* _Data for this task_:
= = = =

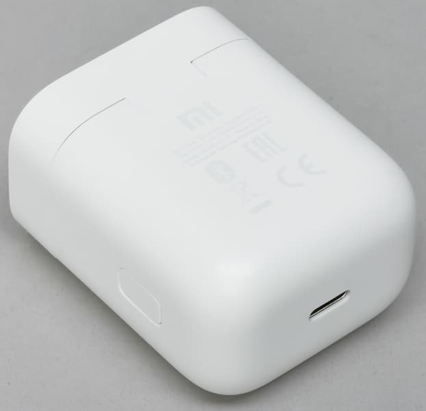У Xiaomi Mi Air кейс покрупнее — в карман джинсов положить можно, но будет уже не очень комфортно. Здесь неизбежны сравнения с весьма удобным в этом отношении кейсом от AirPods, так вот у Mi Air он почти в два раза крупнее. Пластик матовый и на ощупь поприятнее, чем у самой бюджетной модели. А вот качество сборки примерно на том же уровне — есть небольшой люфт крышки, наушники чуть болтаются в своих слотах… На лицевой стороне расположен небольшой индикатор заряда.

= = = =

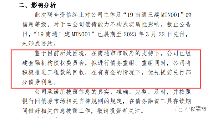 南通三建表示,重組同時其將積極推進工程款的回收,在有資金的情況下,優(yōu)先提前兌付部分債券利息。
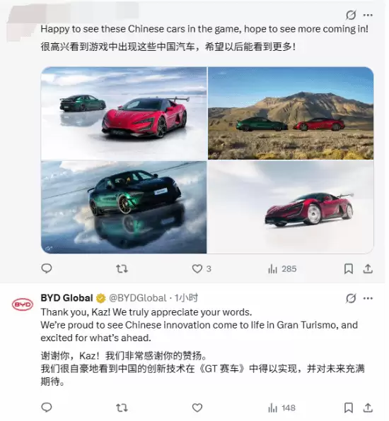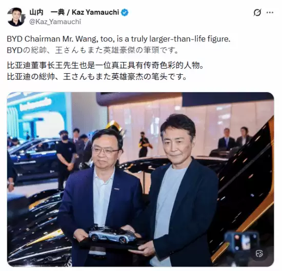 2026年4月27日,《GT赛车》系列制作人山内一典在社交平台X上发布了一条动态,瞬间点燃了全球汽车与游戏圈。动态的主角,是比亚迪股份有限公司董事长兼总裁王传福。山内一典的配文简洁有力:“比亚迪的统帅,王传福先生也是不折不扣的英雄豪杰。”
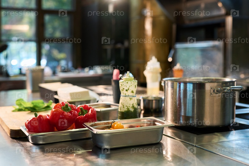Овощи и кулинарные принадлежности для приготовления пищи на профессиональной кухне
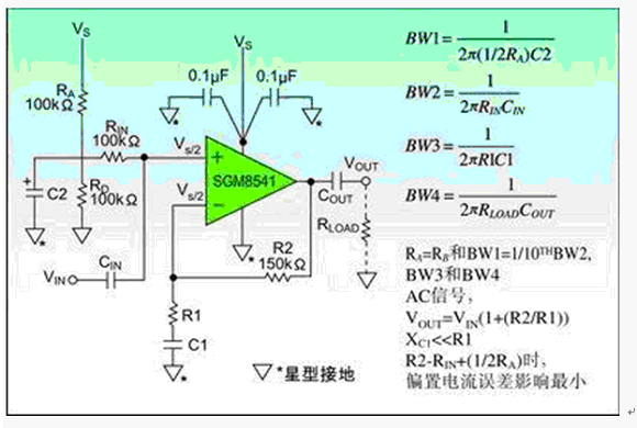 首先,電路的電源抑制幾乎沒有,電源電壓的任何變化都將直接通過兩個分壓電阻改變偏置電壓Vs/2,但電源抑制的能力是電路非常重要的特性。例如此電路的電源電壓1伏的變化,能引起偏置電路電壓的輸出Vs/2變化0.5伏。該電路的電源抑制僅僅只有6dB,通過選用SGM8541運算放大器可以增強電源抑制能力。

= = = =

* _Task requirements_: Copy nothing but the lines above from the one with "南通三建表示,重組同時其將積" to the one with "Овощи и кулинарные", inclusive, word for word. Leave every picture out.

* _Response for this exercise_:
 南通三建表示,重組同時其將積極推進工程款的回收,在有資金的情況下,優(yōu)先提前兌付部分債券利息。
 2026年4月27日,《GT赛车》系列制作人山内一典在社交平台X上发布了一条动态,瞬间点燃了全球汽车与游戏圈。动态的主角,是比亚迪股份有限公司董事长兼总裁王传福。山内一典的配文简洁有力:“比亚迪的统帅,王传福先生也是不折不扣的英雄豪杰。”
Овощи и кулинарные принадлежности для приготовления пищи на профессиональной кухне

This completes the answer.